I don’t know these things for sure because I don’t read that many books from cover to cover, but I suspect that critics (both professional and amateur) would testify that you can be a greater writer but poor at plotting – just as you can come up with great storylines but be plodding creator of writing or dialogue. As someone once wrote somewhere, any young subaltern could have dabbled in schoolboy doggerel – and then ended up in the Western Front trenches – but that doesn’t necessarily of itself qualify him as a WW1 war poet, let alone a great one.
So let’s be honest about these things.
Some writers are born great, or are given a facility with words that perhaps – in another time and place – would have been the equivalent of Lionel Messi’s skill with a pig’s-bladder sphere. They write because it’s a wonderful form of expression and (they cannot help it) they’re good at it.
Just like the embryo Amy Winehouses or Adeles of the music world, almost certainly those writers of greatest quality will get ‘spotted’ by literary agents or publishers and become part of the ‘writing establishment’.
Most of the rest of us will be scrabbling around in the dust. Whether this is just because that’s all we’re good for, or because we ‘haven’t been discovered yet’, we may never know.
As Ros Barber points out in her piece, statistically, as a route to security and great wealth/luxury, writing – just like acting – is well down the list of career opportunities whose percentage chances are worth taking.
Being bombarded regularly in the media with the latest doings of J.K. Rowling or E.L. James (Fifty Shades of Grey) within their Sunday Times Rich List entries dangling around their necks … or having opportunities to read about or witness the great Hollywood stars as they sashay down the Awards red carpets … does little to detract from the gruesome fact that (what shall we say?) 98% of writers and actors barely scratch a living at their vocational craft or trade.

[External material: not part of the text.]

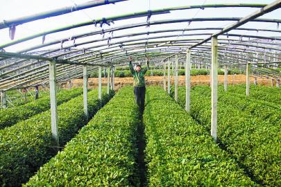 11月18日,东港区后村镇皂户沟村村民李宗顺正忙着为自家2亩茶园加固拱棚。该村耕地面积860亩,茶园650亩,是后村镇重点打造的茶叶生产专业村。截至目前,后村镇流转7大茶园片2300亩。
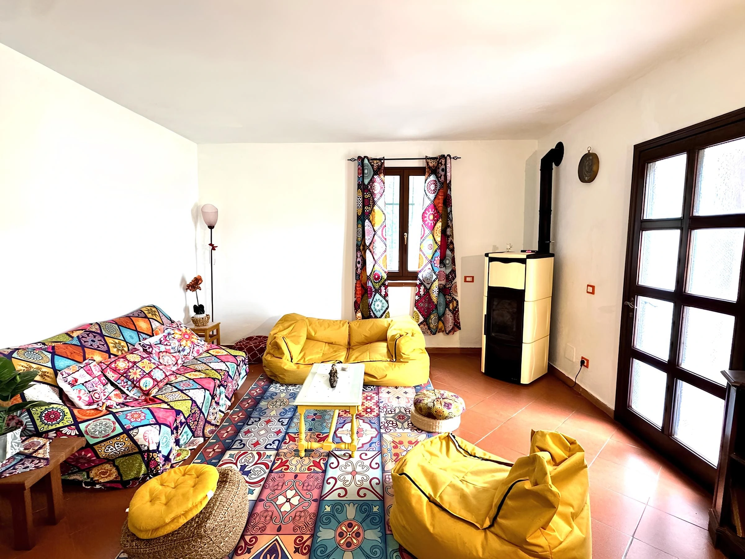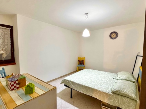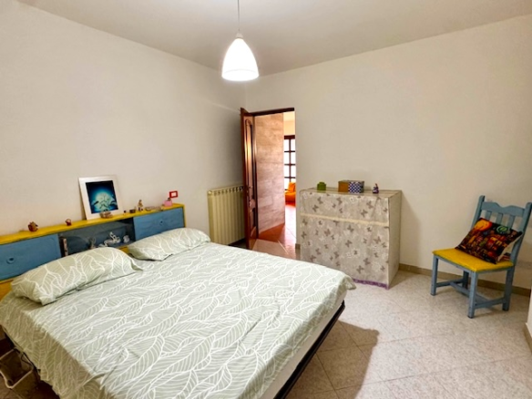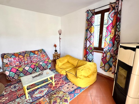 The flat is located on the ground floor of a three-storey natural stone house. The front door leads directly into a spacious living area with kitchenette and dining area. From here, you can also access the second terrace. Behind this are three bedrooms and two adjoining bathrooms. If you only need two bedrooms, the living room could be enlarged relatively easily by knocking through a wall.

Most of us who sit at a computer screen banging away on our keyboards – being ordinary mortals – accepted long ago that wealth and celebrity was beyond our reach at the pastime. We’re just doing it because we have a compulsion to record our thoughts or daily lives.
That’s quite different from being good at it, of course. Not that this stops us putting it out on the internet, along with the other 10 billion sad souls doing likewise. We do it because we can.